Effects of siRNA-based inhibition of claudin-1 expression in SW620 cells on proliferation, anchorage-independent growth, and invasion. (A) Results of soft agar assay. Experiments were performed as described in Methods. The number of soft agar colonies presented is the mean of colony counts from 3 different experiments. (B) A cell invasion assay was performed using 24-well transwells coated with collagen type I (100 μg/ml).
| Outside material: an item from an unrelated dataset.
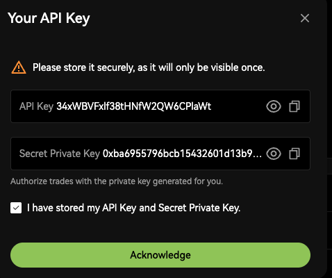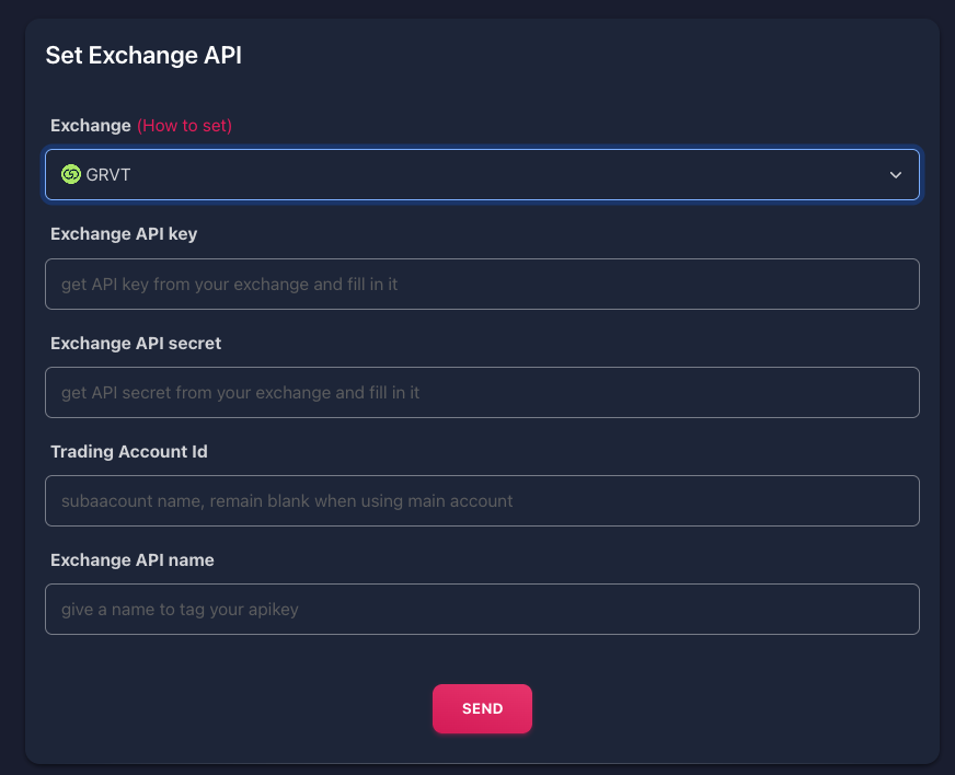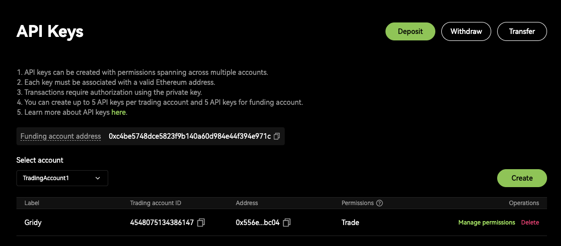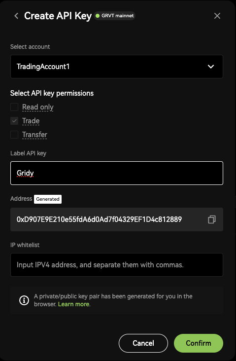 3. Copy API Key and Secret Private Key into Gridy Set Exchange API page. Keep your Secret Private key safe, don’t leak out. You can find Trading Account Id on API Keys page https://grvt.io/exchange/account/api-keys .

After 72 hours of plating, cells from the top of the filter were removed, and the cells that invaded the coated membrane were fixed and counted. Data are presented as mean colony counts in ten ×20 microscopic fields from duplicate wells. *P < 0.05, as compared to control. (C) Gelatin zymography to determine the activities of MMP-2 and MMP-9 in SW620^control cells and in all 3 SW620^siRNA clones was performed as described in the Methods. (D) Cellular proliferation was measured in SW620^control and SW620^siRNA cells using MTT assay at 1, 3, 5, and 7 days after plating equal number of cells. (E) The anoikis assay was performed by plating the SW620^control and SW620^siRNA cells on polyHEMA-coated culture dishes for 72 hours as described in Methods. Values for control cells were considered 100%, and any differences are expressed relative to that value. Each bar represents the mean ± SD of 3 experiments. (F) The anoikis-induced apoptosis was quantitated using apoptosis-specific ELISA. Values for control cells were considered 100%, and any changes were compared with that value. Each bar represents the mean ± SD of 3 experiments.